Until the 1980s, researchers didn't consider the excitatory amino acid N-methyl-D-aspartate (NMDA) to be a receptor in mammalian brains. That began to change in 1982, when Joerg Lehmann and Bernard Scatton studied the interaction between excitatory amino acids and striatal cholinergic neurons in vitro (Brain Res, 252:77-89, 1982). They suggested that excitatory amino acids such as glutamate act at NMDA receptors on the dendrites of striatal cholinergic interneurons.

Over the years, this line of research eventually demonstrated that in healthy human subjects, NMDA antagonists could cause the negative symptoms and cognitive impairments observed in schizophrenia (Cell Molec Neurobiol, 26:365-84, 2006). That led to the idea that NMDA agonists such as glutamate could combat those symptoms - leaving drug developers with an option other than the dopamine D2 receptors, which essentially all antipsychotics target.

Indeed, researchers say that in the pathophysiology of schizophrenia, NMDA may be a more primary target than dopamine. "When you give animals ketamine or phencyclidine, it causes a disinhibition of pyramidal flow of glutamatergic output; this causes an increase in dopamine release," says Joseph Coyle, a professor of psychiatry and neuroscience at Harvard Medial School. "The dopamine hypothesis is that [an increase in dopamine levels] causes psychosis." But from the effect of ketamine on the NMDA receptor, it seems that "the increase in dopamine release is a downstream effect."

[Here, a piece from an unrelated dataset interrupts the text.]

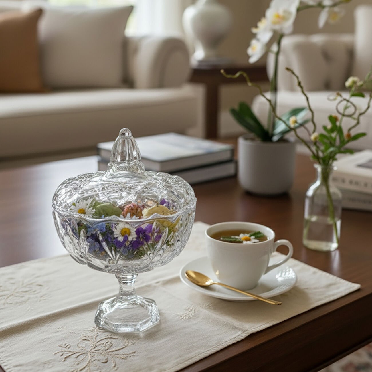 - Dayanıklı cam malzemeden üretilen şekerlik, hem estetik hem de uzun ömürlü kullanım sağlar.

The first compound targeting metabotropic glutamate receptors (mGluR2/3), one kind of NMDA receptor, is currently in Phase II trials and has shown positive results so far. The compound, Eli Lilly's LY2140023, proved as effective as olanzapine, the study's positive control, with fewer extrapyramidal symptoms and less weight gain, according to Lilly's Sandeep Patil, who worked on clinical development and design for the study (Nature Med, 13:1102-7, 2007). Patil notes, however, that the scales for efficacy testing are not linear and lack definitive biomarkers.

Patil, Coyle and others say that researchers must test the long-term effects of this class of compounds to determine its role in the pathophysiology of schizophrenia. One obstacle will be the difficulty in modulating the glutamate system: Overstimulation leads to excitotoxicity, whereas blocking the system can lead to cell death via apoptosis. "It's a highly regulated system," says Coyle. "If it goes out of whack, it can do a ton of damage."